Training might be a solution to decrease time pressure when facing time constraint, but some experiments reported the reverse. For instance, Zakay [16] found that under time pressure, training did not improve the quality of decision making. Similarly, Gonzalez et al [17] showed that despite additional practice runs, participants performed worse under high time constraint than did those working under a low time constraint. Although these studies were designed to evaluate the effect of time pressure on decision making and not on task execution, we can reasonably consider a relationship between the decision and the execution of tasks and could wonder whether these findings can also apply to the execution of tasks.

Adaptative strategies could also be a solution when facing time pressure. Studying the choice of adaptive strategies (i.e. work faster and do an imperfect job or work quicker and complete only part of the tasks) [4] adopted by time pressured people would be interesting. Besides, understanding the reasons why a given choice has been made remains unknown [11]. In our study, in the two periods, the residents could have been facing the following option: expedite the process of step A by forgetting some tasks to start step B at the recommended time, or decide to break the rule and voluntarily take more time before beginning step B [17]. In our learning sessions, when residents performed an imperfect job, understanding their choices and their adaptative strategies is a mandatory objective of the debriefing, but without recorded debriefings, we cannot evaluate these points in our study. Recording the debriefings can thus be interesting for further studies.

Limitations:

The duration of scenarios and debriefings during the two periods were the same, but unfortunately, we did not record the debriefings. A point to consider is a possible improvement of the debriefings related to an increased experience of the debriefers. Even if the debriefing team always contained at least one novice, we cannot exclude that debriefing skills improved as sessions progressed and could affect the participants’ learning. However, the structure and the critical points of debriefing were predefined for each scenario and did not change during the study period.

Although we collected results for 6 years, our study was unicentric, and we included only first-year pediatric residents, leaving us a doubt as to how would a more experienced sample of physicians deal with the change of Phase A duration. However, we tried to minimize these biases with a high level of standardization, including a large number of residents providing a significant basis for analysis. Finally, without recorded debriefings and learner surveys, we are not able to assess adaptative strategies and their relationship to time pressure, according to different levels of time constraints.
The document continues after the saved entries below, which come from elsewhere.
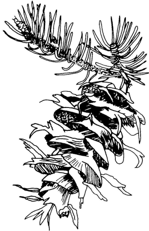
Figure 3. Foliage

Douglas-Fir is most commonly used as a screen or occasionally a specimen in the landscape. Not suited for a small residential landscape, it is often a fixture in a commercial setting. Allow room for the spread of the tree since the tree looks terrible with lower limbs removed. It is grown and shipped as a Christmas tree in many parts of the country.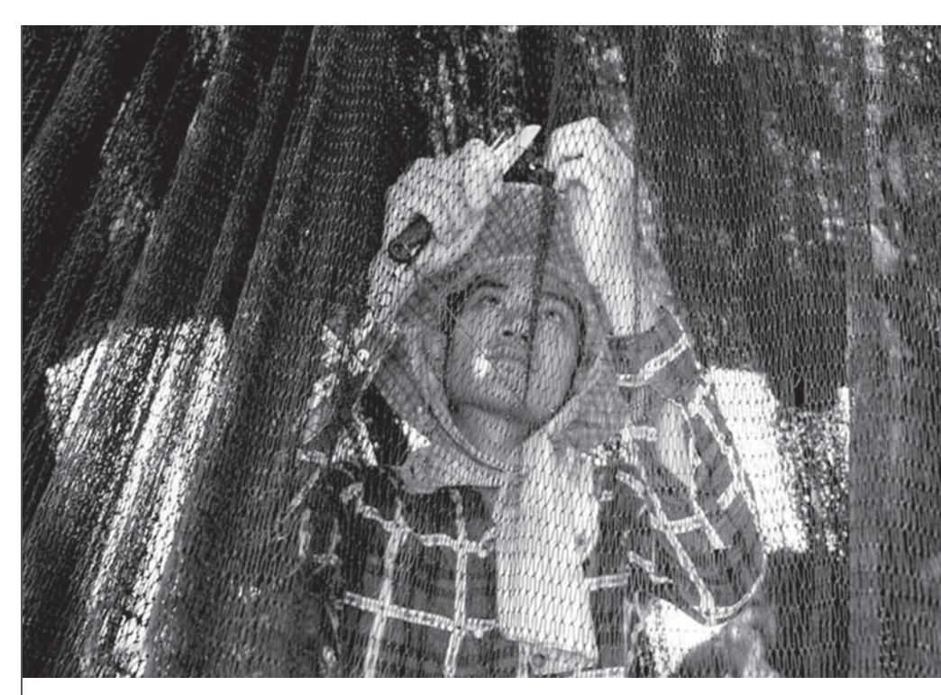
Cambodian migrant fisherman repairing a net. Rayong, Thailand, March 2016

The Royal Government of Cambodia's Labour Migration Policy for Cambodia 2015-2018 is a key document that outlines actions promoting the social inclusion of migrants. Building on the previous Policy on Labour Migration for Cambodia 2010-2015, this policy aligns with the goals and timelines of other national policies. In particular, the policy introduces "measures to ensure that new job seekers can be productively employed and develop their skills to be able to work in emerging, rather than vulnerable sectors in both Cambodia and destination countries". The policy links to the Cambodia National Employment Policy, which supports the mobility of workers and employment generation. It also aligns with the National Strategic Development Plan 2014-2018, which frames emigration as a population issue that is integrated into national development planning processes. Hemployment generation is key to ensuring that migrants are included in the national economy upon return. Job creation is also necessary to provide potential migrants with livelihood options at home and thus a real choice about whether or not to migrate opposed to feeling as though migration is the only pathway to a secure livelihood. While the Labour Migration Policy is comprehensive and promotes strategies to generate employment and foster the social inclusion of migrant workers through all stages of the migration process, its implementation and effectiveness in promoting inclusion will need to be evaluated in the future.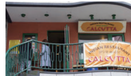
The exterior of the Subway Tozai Line・Nishi-Kasai Minamiguchi (south entrance) branch. The main branch is located near the north entrance of the station. 地下鉄東西線・西葛西駅南口店の全景。本店は北口にある

Address: 201-5-24-6 Nishikasai, Edogawa-ku, Tokyo 134-0088 Phone: 03-3688-4817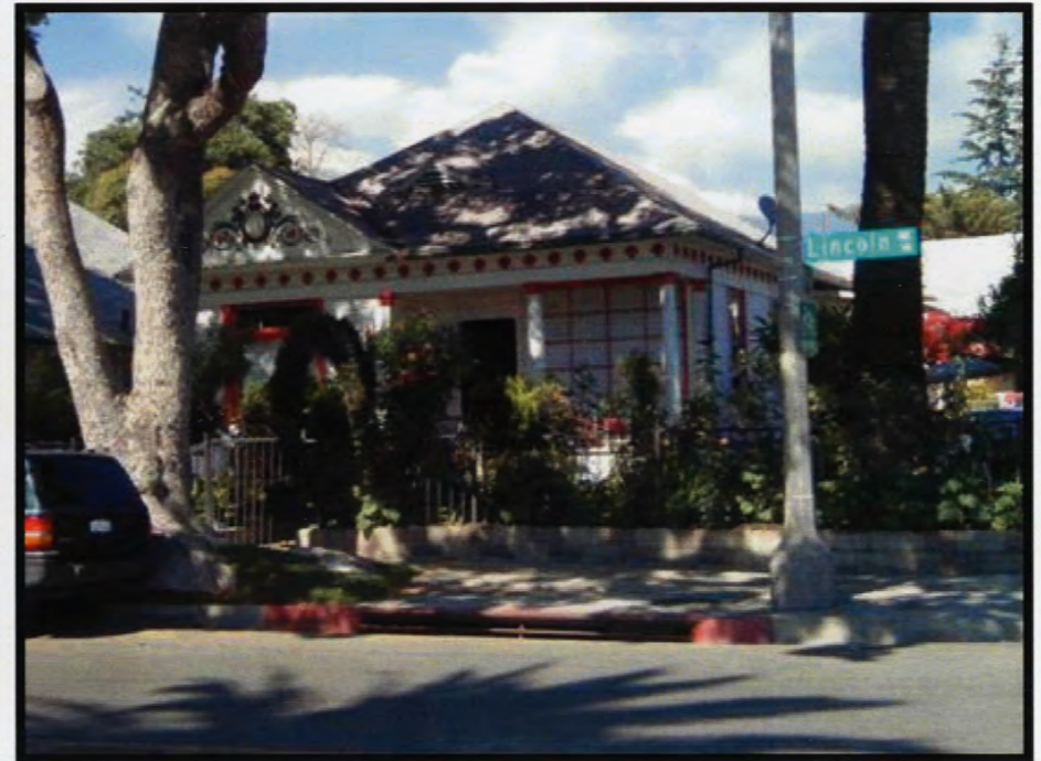
CA_Los Angeles County_New Fair Oaks Historic District_0002

We could not rule out the possibility of additional non-random training before our session but as they are first year residents they did not have any official training before the simulation session.

Conclusions

When the 2015 guidelines doubled the time limit, a significant improvement in the completion of step A was noticed and was not associated with a delayed PPV start time. The 30-second - time constraint with step A as imposed by the 2010 European guidelines on neonatal resuscitation was associated with less than optimal performance of 1st-year pediatric residents.

This example suggests that guidelines that set a difficult-to-reach time threshold should consider not only the positive clinical effect on outcomes of a rapidly performed action but also the feasibility of the task associated with an important time constraint. Simulation-based training could be a way for testing the feasibility of guidelines, especially for time constraints.

We might suggest that reduced time pressure associated with the decreased time constraint could explain this improvement. Unfortunately, our study was not designed to answer this question, but it could be an interesting topic to be explored in future studies.